Sin duda muchos se alegrarán, pero la realidad es que resulta un tanto inquietante este reforzamiento del nefasto papel del Estado como agente con la capacidad de decidir qué es cultura y qué no lo es. Y más todavía si tenemos en cuenta los antecedentes de este tipo de políticas. El primer Gobierno del mundo que se otorgó esta potestad fue el del muy autoritario Bismarck. En 1871, el "Canciller de Hierro" creó el Kulturkampf (Impulso cultural).
Se trata de un modelo que después mejoraría Hitler con el primer Ministerio de Cultura, y Lenin con las casas de cultura. El modelo se suaviza algo con la creación del primer ministerio occidental de este tipo por un generalote francés apellidado De Gaulle, quien pone al frente del invento a un André Malraux que había sido la estrella de un "Congreso por la Defensa de la Cultura" organizado por la KGB. Por supuesto, todos los departamentos de este tipo existentes en la actualidad están copiados del galo, que a su vez bebe de los anteriores.
Y si esto ya de por sí es malo, los efectos visibles de la decisión tomada ahora en Alemania también son nocivos para ese país y para todos aquellos en los que se le imite. Ya tenemos un sector más en el que muchas personas vivirán a costa de los ciudadanos. Si consideramos las empresas de videojuegos como parte de la industria cultural, habrá que otorgarle los mismos privilegios que al resto del sector. Y estos pueden ser varios. En España se podría traducir en subvenciones a mansalva, con lo que nacería toda una constelación de creadoras de productos de mala calidad que apenas tendrían ventas, pero vivirían del dinero ajeno salido de los impuestos. O podría dar pie a un precio fijo que los vendedores apenas podrían modificar, como ocurre con los libros. Incluso podrían modificar la Ley de Propiedad Intelectual para incluir a los desarrolladores y editores de videojuegos entre los beneficiarios del canon digital.

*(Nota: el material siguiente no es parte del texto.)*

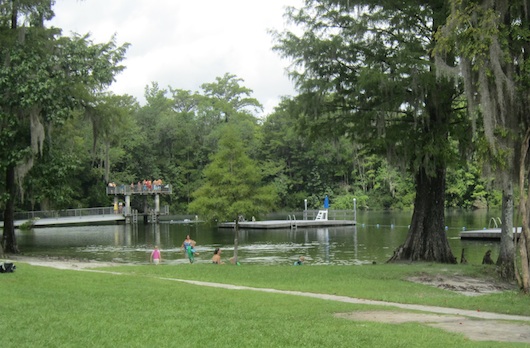 es gibt in der Quelle ein Schwimmbad, das scheint mir aber so gut abgetrennt zu sein, dass man mit den Manatees nicht in Berührung kommt. Und auch nicht mit den Krokos ... :wink:
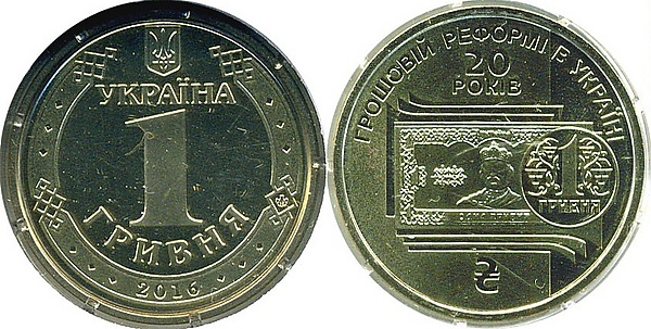 | 26 мм | 1,85 мм | 6,8 г | Надпись по кругу: «ГРОШОВІЙ РЕФОРМІ В УКРАЇНІ 20 РОКІВ», стилизированная композиция: одногривневая монета на фоне одногривневых банкнот и надписи: ГРОШОВІЙ РЕФОРМІ В УКРАЇНІ(сверху полукругом), 20/РОКІВ и знак гривны ₴ внизу | 2016 | 1 сентября 2016 | ||||||

No vamos a negar la calidad cultural de algunos videojuegos. Las bandas sonoras, la calidad de los gráficos o las tramas argumentativas de ciertos títulos los convierten en auténticas obras de arte. Pero eso sólo se puede aplicar a algunos. Otros están a años luz de merecer tal consideración. Lo mismo ocurre con los libros, las películas o las canciones. En cualquier caso, en todos estos tipos de obras son los ciudadanos, y nunca los políticos, quienes deben otorgarle, o no, la categoría de cultura. Es una mala noticia que, una vez más, los estados hayan aumentado sus prerrogativas, también en este terreno.